One of Andrew Greig's most telling observations was "the curious indifference of our English friends and partners to being English". And him married to a Yorkshire woman...

Don't worry about steering posts in interesting directions -- this one, like most of my shorter posts, was merely an improvisation to link together some images from last week.

Mike

Anonymous said...

I suspect a falling small frog would land unharmed, even after a thousand-foot drop: it's the old "mouse down a mineshaft" idea JB Haldane talked about in 1927, having a comparatively low weight compared to its surface area the frog's terminal velocity would be fairly tiny.

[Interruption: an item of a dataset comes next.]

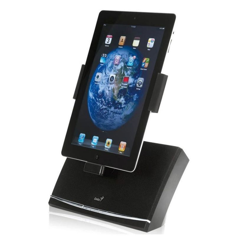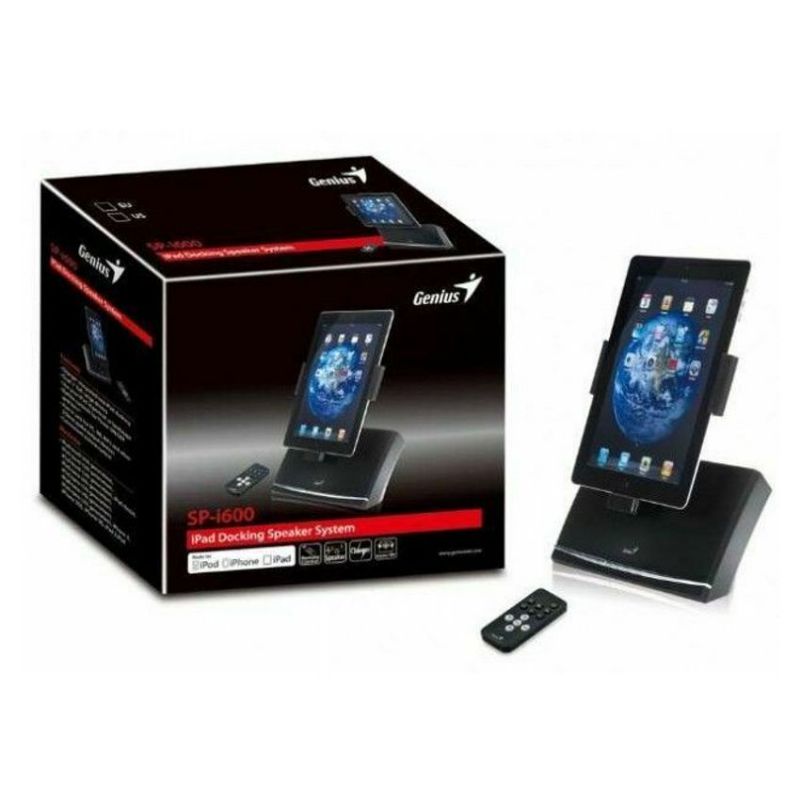 Descripción Genius SP-i600. Canales de salida de audio: 2.0 canales, Potencia estimada RMS: 4 W, Relación señal/ruido (SNR): 70 dB. Auriculares: 3,5 mm. Compatibilidad con bases dock de Apple: iPad,iPhone,iPod. Color del producto: Negro, Indicadores LED: Poder, Control de volumen: Digital. Alimentación: Corriente alterna
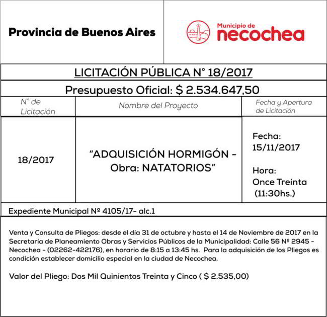 La Secretaría de Planeamiento, Obras y Servicios Públicos de la Municipalidad de Necochea lanzó la licitación número 18/17 para la adquisición del hormigón que se destinará a la obra de Natatorios, con un presupuesto oficial de 2.534.647,50 pesos.

Yes, few English people, given five words to describe themselves, would include "English" as one of them, whereas the Scots, Irish and Welsh would certainly state their nationality as one of their self-descriptors. Something to do with English arrogance, I suspect - we're so sure being English is best, we don't like to boast that English is what we are.

Martyn

Mike C. said...

Martyn,

I suspect it's not so much we think English is "best", as we think it's "normal", which is not quite the same thing. Both arrogant, of course, but being "normal" doesn't seem worth mentioning (and actually rather boring)...

Mike

eeyorn said...

Part of the attraction to me for taking up Morris dancing was a feeling of connection to 'Englishness', led as it was from the early connection with English folksong. Throughout my life I've enjoyed a love of good English beer, and the amateur folk musical sessions that develop alongside the dancing.

So yes, I'm proud to be English, but I've lived in other parts of the world, and the one thing that holds true is that everyone has different ways of doing things, some are better in doing some things, and less so in others. There is no 'Best Practice' and I for one am particularly aware that British arrogance is in my experience completely unjustified.

I despair that 9th Dan arrogant twats like Cameron are being allowed to asset-strip the country.

eeyorn said...

When I lived Bulgaria we were based in a village which lay on the banks of the River Yantra. We had many joyful days following the river, one way or t'other by foot, bicycle and car and revelling in all that we came across. And it made for some lovely natural swimming areas at many points.

Insect life in Bulgaria is very plentiful, I'm glad to say the bees are thriving there, but then so are the wasps, the flying ants and the scourge of the river-bed were vasts swarms of blackfly. On the plus side, we also had a plethora of different birds and butterflies passing through :-)

eeyorn said...

And the storks were amazing

Stork

http://www.novinite.com/media/images/2010-03/photo_verybig_114001.jpg

eeyorn said...

Oh and Eeyore was I suspect bounced into the river by Tigger and so therefore is innocent of all charges against him.